According to Mensah, the Attorney-General, through the Solicitor-General, had on September 24, 2025 directed the CAC to place a caveat on the company’s records until the office of the AGF’s review of the forgery allegation made against investors Sir Samuel Jonah KBE, Kojo Mensah, Victor Quainoo and their Nigerian lawyer Abu Arome Esq.

Mensah said that despite being served with court Originating summons, several weeks before December 8, the Registrar-General went ahead to effect the controversial changes.

He also alleged that at a meeting held on December 1, 2025, in the presence of representatives of the adverse parties and the Attorney-General’s office, the Ghanaian investors’ lawyers informed Mr.
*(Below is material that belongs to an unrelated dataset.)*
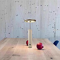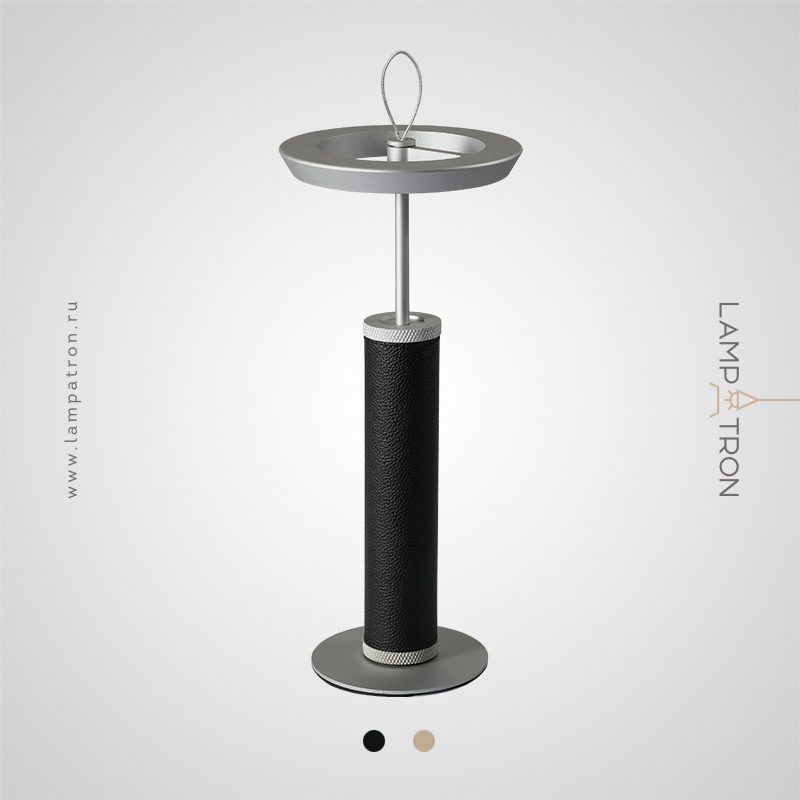 Портативная настольная лампа с фактурной кожаной отделкой и сенсорным выключателем на корпусе с USB зарядкой и возможностью подвесного размещения.

Magaji that the matter was sub judice. 

The Registrar-General later claimed in a letter to the AGF that the investors “failed to appear,” an assertion Mensah described as “bizarre and false.”
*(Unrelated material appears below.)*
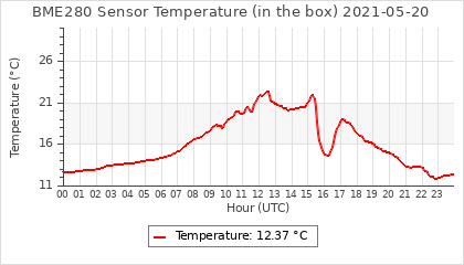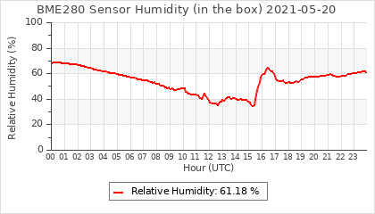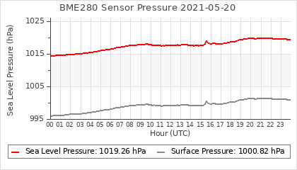 Experimental atmospheric pressure measurement with a simple sensor: BOSCH BME280The instrument is in the data collection box of the CR10X, the temperature and humidity do not reflect the real air conditions, because the box is in the sun and is not properly ventilated for these measurements.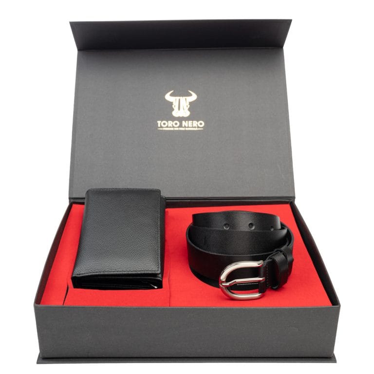 Setul cadou format din curea și portofel din piele naturală pentru femei de pe Toronero este o alegere elegantă și practică, perfectă pentru a adăuga un strop de rafinament oricărei garderobe. Fabricat din piele de înaltă calitate, setul se prezintă într-o nuanță neagră clasică, care asigură versatilitate și poate fi asortat cu ușurință la orice ținută.Portofelul este proiectat pentru a oferi atât stil, cât și funcționalitate, având multiple compartimente pentru carduri, note și monedă, menținând-le organizate și la îndemână. Cureaua are un design modern și elegant, ce poate fi ajustată pentru a se potrivi perfect, fiind ideală atât pentru ocazii speciale, cât și pentru iesiri in oras.Acest set cadou este o alegere inspirată pentru aniversări, zile de naștere sau orice altă ocazie specială, aducând un cadou de calitate superioară, ce va fi apreciat cu siguranță. Fiecare detaliu reflectă atenția la calitate și stil.

Following the changes, Mensah said individuals “newly coronated” as directors —Olakitan Ogunmuyiwa and Adeniran Ogunmuyiwa — immediately notified banks, including Zenith Bank, to close the companies’ accounts, and wrote to the Minister of the FCT announcing a purported takeover. 

“These hurried actions are designed to disrupt the operations of the company,” Mensah stated.
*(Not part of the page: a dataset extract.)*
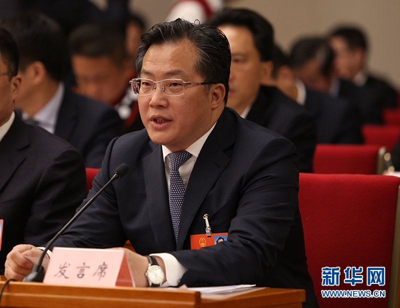 全國人大代表,四川省樂山市委副書記、市長張彤在發(fā)言。新華網(wǎng)曹鵬攝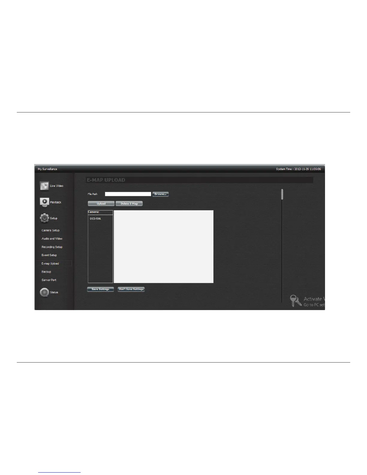 cameras. The E-map, in JPEG, BMP, GIF and PNG format is uploaded to the DNS-327L and congured to work with the camera installed.

The Ghanaian investors have since petitioned the National Assembly, whose plenary reportedly adopted their motion on December 11, 2025, as well as the Attorney-General of the Federation, describing the CAC’s actions as a dangerous precedent that could enable “hostile takeover of foreign-owned companies by government officials.”

In a recent development, SaharaReporters had reported that the Houses for Africa Nigeria Ltd, one of the companies at the centre of the crisis, issued a detailed rebuttal disowning Dr. Adeniran Ogunmuyiwa, who had recently claimed to speak on behalf of the company.

In a statement dated October 11, 2025, and signed by its company secretary, the firm had described Ogunmuyiwa’s claims as “false, misleading, and malicious,” insisting he ceased to be a shareholder or director years ago.

“For the avoidance of doubt, the directors of Houses for Africa Nigeria on CAC records are Kojo Ansah Mensah, Sir Samuel Esson Jonah, Victor Quainoo, and Jonah Nathaniel,” the company stated. 

“Any other individual claiming directorship is doing so fraudulently.”

The company had said Ogunmuyiwa entered the firm through JonahCapital in the 2000s but voluntarily relinquished his 20% shares under a 2012 Heads of Agreement, affirmed by a 2013 Special Resolution, and later formalised through a 2017 resignation letter.

As part of his exit, he was granted development rights over 94.8 hectares of River Park land and another 45 hectares for creditor settlements, but allegedly failed to settle creditors, exposing the company to litigation.

Houses for Africa added that Ogunmuyiwa and associate Paul Odili repeatedly evaded media requests for evidence backing their claims, “citing personal health issues,” a move the company described as strategic evasiveness.

The firm also distanced itself from a lawsuit purportedly filed on its behalf by Chief Anthony Aikunegbe Malik, SAN, challenging the FCT Ministerial Committee. 

“For the record, neither the Board nor legitimate directors have authorised any such legal action,” it stated, challenging the lawyer to produce evidence of fees paid from the company’s accounts and warning that acceptance of third-party payments could violate anti-money laundering regulations.

The company further emphasized that Kojo Mensah has been the sole signatory to corporate accounts in Zenith Bank, UBA and Wema Bank since 2014, providing payroll, tax, pension, and vendor payment records as evidence.

*The controversy intensified after Ogunmuyiwa circulated a statement accusing Mensah of impersonation and fraud in relation to River Park Estate—claims now countered by extensive documentation from Houses for Africa.*

With the CAC’s controversial intervention, rival directorship claims, conflicting lawsuits, and allegations of forgery and corporate sabotage on all sides, analysts warn that the River Park dispute has become one of Nigeria’s most complex corporate governance battles.

Industry observers say the CAC’s actions—if not reversed or clarified—risk undermining investor confidence and fuelling perceptions of politically enabled corporate takeovers.